[[ Data section, beginning ]]

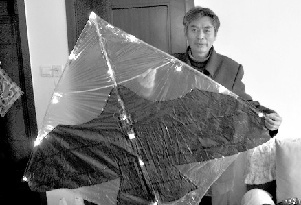 昨日下午2時許,在東坡路靠近清水河的一塊空地上,一只黑色的風(fēng)箏正在天空中翱翔。在不遠(yuǎn)處,一位身著黑衣的白發(fā)老人正拿著絞盤,不斷地放線收線,其他幾位老人則抬著頭議論紛紛。放風(fēng)箏的老人名叫戚勉休,今年69歲,而他就是前晚放飛發(fā)光風(fēng)箏的人。
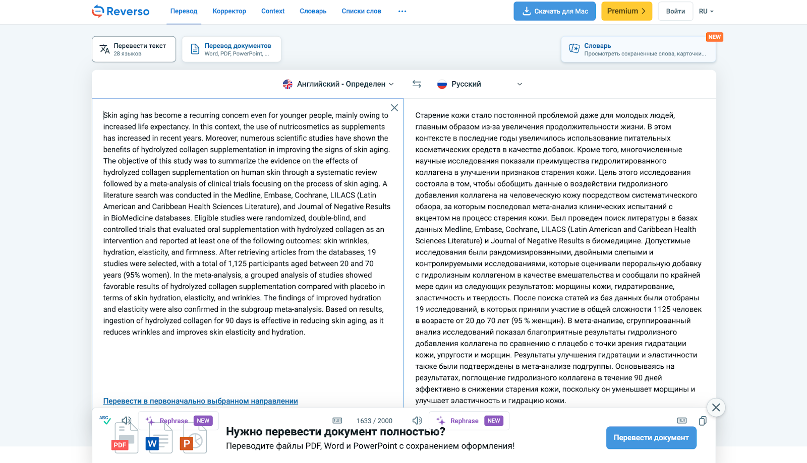 Очевидно, сервис неплохо показывает себя в связке «английский → русский». Его вполне можно использовать для работы с научными статьями, так как в нашем примере он грамотно распознал терминологию. Но стоит обращать внимание на возможное искажение смысла. Например, здесь есть некорректная фраза «для улучшения признаков старения», которая встречалась и у предыдущей модели.
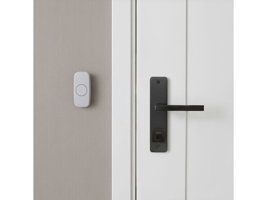 Biele prevedenie s čistými líniami a zaoblenými hranami pôsobí elegantne a nenápadne. Ovládacie tlačidlá zvončeka sú ľahko prístupné a iba na jednej strane. Tlačidlo je odolné proti vode a prachu (IP56) a je možné ho ľahko upevniť pomocou samolepiacej podložky alebo skrutiek.
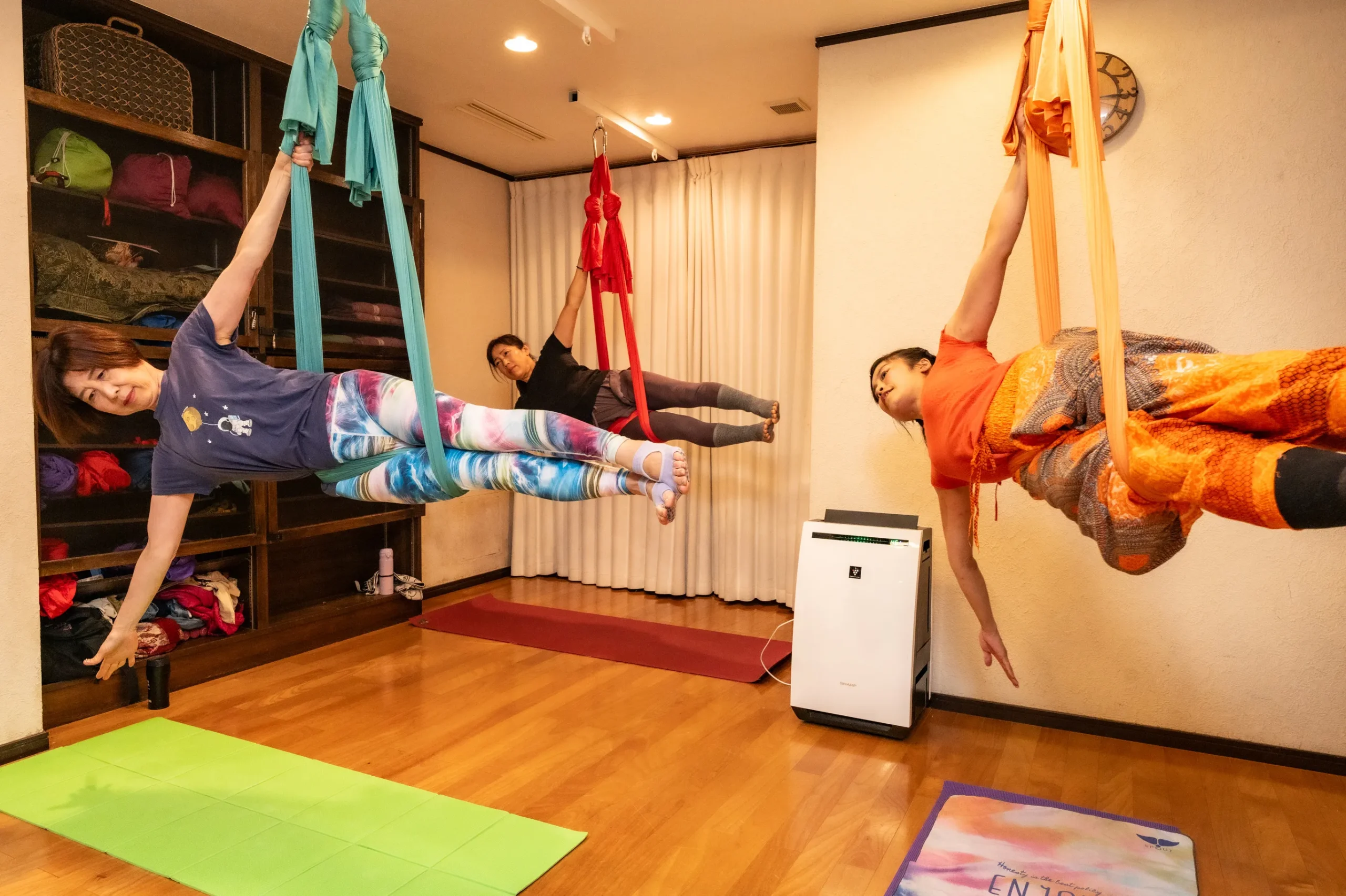 天井から吊り下げた肌触りのいい布に体を乗せて行うヨガ。

[[ Data section, end ]]

§ Exercise brief
Please give back exactly, and with no pictures, the lines from where the listing above begins through the line containing "Очевидно, сервис неплохо".

§ Solution to the exercise
 昨日下午2時許,在東坡路靠近清水河的一塊空地上,一只黑色的風(fēng)箏正在天空中翱翔。在不遠(yuǎn)處,一位身著黑衣的白發(fā)老人正拿著絞盤,不斷地放線收線,其他幾位老人則抬著頭議論紛紛。放風(fēng)箏的老人名叫戚勉休,今年69歲,而他就是前晚放飛發(fā)光風(fēng)箏的人。
 Очевидно, сервис неплохо показывает себя в связке «английский → русский». Его вполне можно использовать для работы с научными статьями, так как в нашем примере он грамотно распознал терминологию. Но стоит обращать внимание на возможное искажение смысла. Например, здесь есть некорректная фраза «для улучшения признаков старения», которая встречалась и у предыдущей модели.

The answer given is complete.